#  > Telecomunicações >  > Mikrotik >  >  RBMetal2SHPn c/ RB Sxt 2ndr2 Lite2

## Heler

Bom dia pessoal, quero tirar uma dúvida.
Já uso aqui na minha pequena rede um RBMetal2SHPn, estou querendo usar em conjunto um rb sxt lite 2 2.4ghz, algum de vcs já usaram o rb sxt 2, já li em fóruns várias reclamações do rb metal 5.8ghz porém muitos elogios do rb metal 2.4ghz, porém Oque vc acham da sxt lite 2 2ghz?

----------


## muttley

Qualquer equipamento 2.4 Mikrotik funciona muito bem! Mas em 5.8 temos 
que ter muito cuidado! Pois em 2.4 pode usar em modo N, e tbm usar no 
protocolo proprietário do mikrotik dos dois lados, ''nv2''. É ótimo!!!

----------


## Heler

> Qualquer equipamento 2.4 Mikrotik funciona muito bem! Mas em 5.8 temos 
> que ter muito cuidado! Pois em 2.4 pode usar em modo N, e tbm usar no 
> protocolo proprietário do mikrotik dos dois lados, ''nv2''. É ótimo!!!

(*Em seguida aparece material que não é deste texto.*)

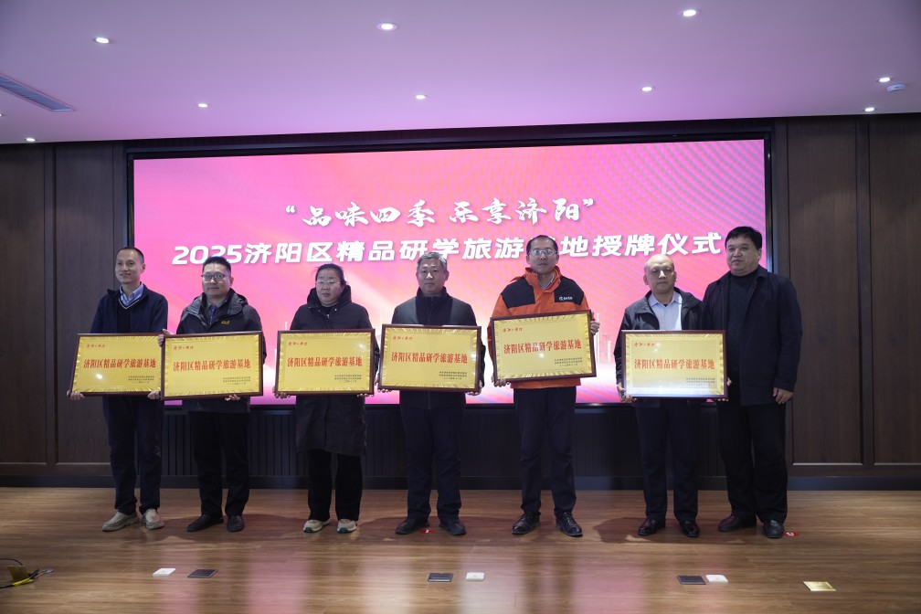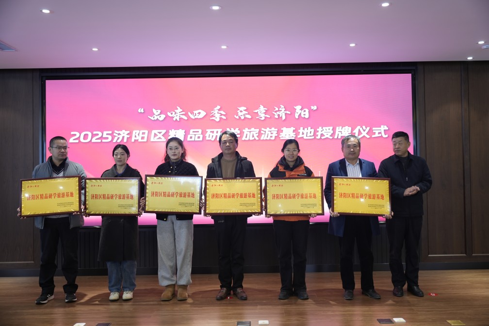 區(qū)教育和體育局黨組書記、局長韓清林,區(qū)融媒體中心主任孟強為2025濟陽區(qū)精品研學(xué)旅游基地授牌。長田實踐教育基地、山東手造濟北展示體驗中心被授予濟陽區(qū)精品研學(xué)旅游基地。

Valeu pelo feedback, mas pq ter cuidado c os 5.8?

----------


## muttley

Em 2.4 com visada parcial ainda funciona quase que 100% 
Massss... em 5.8 nem a pau! kkkk

----------


## avatar52

Não se resume só em visada ou zona de fresnel, você tem que se preocupar com piso de ruído e potência também. 

E complementando: tanto em 2,4GHz quanto em 5GHz você pode trabalhar com protocolo TDMA do seu fabricante (NV2-Nstreme, Airmax ou iPoll).

----------


## Heler

Vlw

----------